Although the subcontractors changed several times after the plaintiffs joined, each time the subcontractors succeeded the employees' employment and continued the work without changes to the plaintiffs' duties. Notably, before July 1, 2012, the plaintiffs were employees of subcontractor Company C, which had a secondary subcontract with Company B that had a contract with Hyundai Motor. After July 1, 2012, Company C signed a direct subcontract with Hyundai Motor, making the plaintiffs employees of the primary in-house subcontractor. Company A succeeded the employment of the plaintiffs and other employees from Company C and took over the work on January 1, 2015.
The plaintiffs requested confirmation of their status as Hyundai Motor employees depending on the timing of their labor contract with Company A or requested an expression of intent to employ them. Some plaintiffs also claimed the wage difference (between Hyundai Motor employees and subcontractor employees) and interest for the period after the point when direct employment by Hyundai Motor was deemed to have occurred.
Dispatched workers belong to subcontractors but work on-site under the direction of the primary contractor and can be used for up to two years. According to the Dispatch Act, if the period exceeds two years, direct employment is required, and dispatch is prohibited in direct production processes in manufacturing.
On the other hand, if a subcontract contract is signed, the workers belong to the subcontractor and work under its direction, and in this case, there is no obligation for direct employment.
The workers who filed the lawsuit argued that the decoration work was part of the production process and that Hyundai Motor directed the work through the PDA, making it an illegal dispatch.
The first-instance court accepted the plaintiffs' claims.
The court granted the plaintiffs' requests for confirmation of worker status and expression of intent to employ and also provisionally accepted claims for wages or damages.
The court ruled, "For workers employed by subcontractor Company A who worked continuously for more than two years, direct employment is deemed from the day after the two-year period from the start of dispatch work, thus they have the status of Hyundai Motor employees. Since Hyundai Motor is obligated to pay wages calculated by the same standards as its employees from the deemed employment date, it must pay the difference between the wages Hyundai Motor employees received and the wages the plaintiffs received from the subcontractor."
The court cited as grounds for this judgment that ▲the president and manager of Company A attended Hyundai Motor's export shipping department meetings held every morning to receive various instructions and cautions ▲twice a year, they received safety training together with Hyundai Motor regular employees and participated in annual spring sports events (held until 2010 but suspended in 2011 due to disputes) ▲they received bonuses and holiday allowances according to Hyundai Motor's labor-management wage negotiations and received points for Hyundai Motor affiliate shopping malls during Lunar New Year and Chuseok holidays.
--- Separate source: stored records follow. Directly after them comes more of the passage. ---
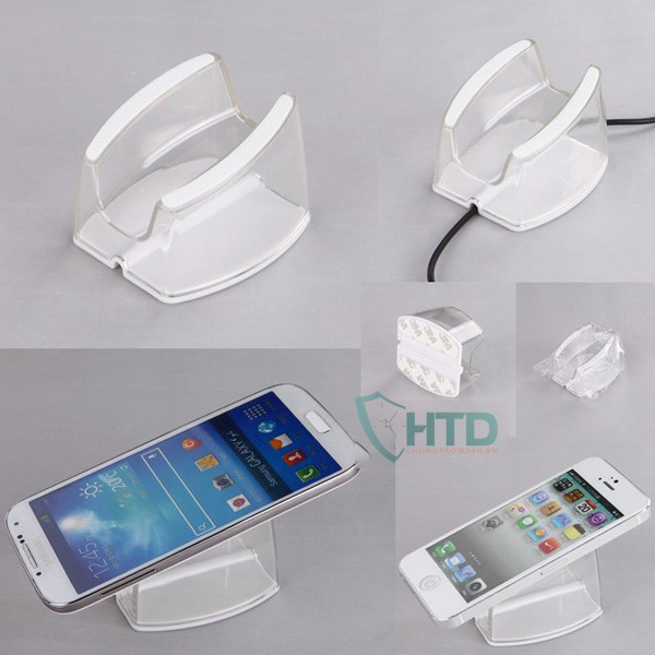 Đế mica trưng bày điện thoại, chân đế mica trưng bày điện thoại, kết hợp bộ chống trôm trung tâm cho điện thoại trưng bày tại các cửa hàng siêu thị điện máy.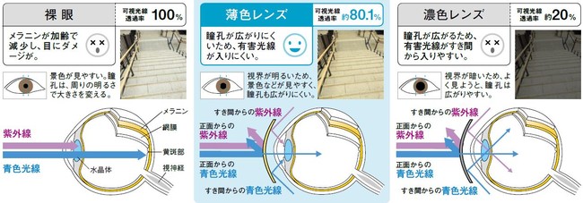 - 薄色レンズは視界が明るいため、瞳孔も拡がりにくい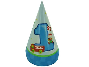 Make your little boy's first birthday memorable with these fun fire truck-themed hats! Each hat features a vibrant design that showcases a big "1st" alongside a cheerful little boy and a colorful fire truck, all framed by a bright blue and green border.

The court stated, "Although the subcontractor independently hired the workers, directly managed attendance, exercised disciplinary authority, and handled wage payments and social insurance contributions, it appears that some aspects of labor management were performed on behalf of Hyundai Motor, and it is difficult to recognize that the subcontractor exercised independent command and control over the plaintiffs separately from Hyundai Motor."
However, the appellate court overturned the first-instance ruling and sided with Hyundai Motor.
The court stated, "It is difficult to recognize that the plaintiffs were substantially incorporated into the defendant's business and received significant orders and commands from the defendant, forming a dispatched worker relationship as defined by the Dispatch Act."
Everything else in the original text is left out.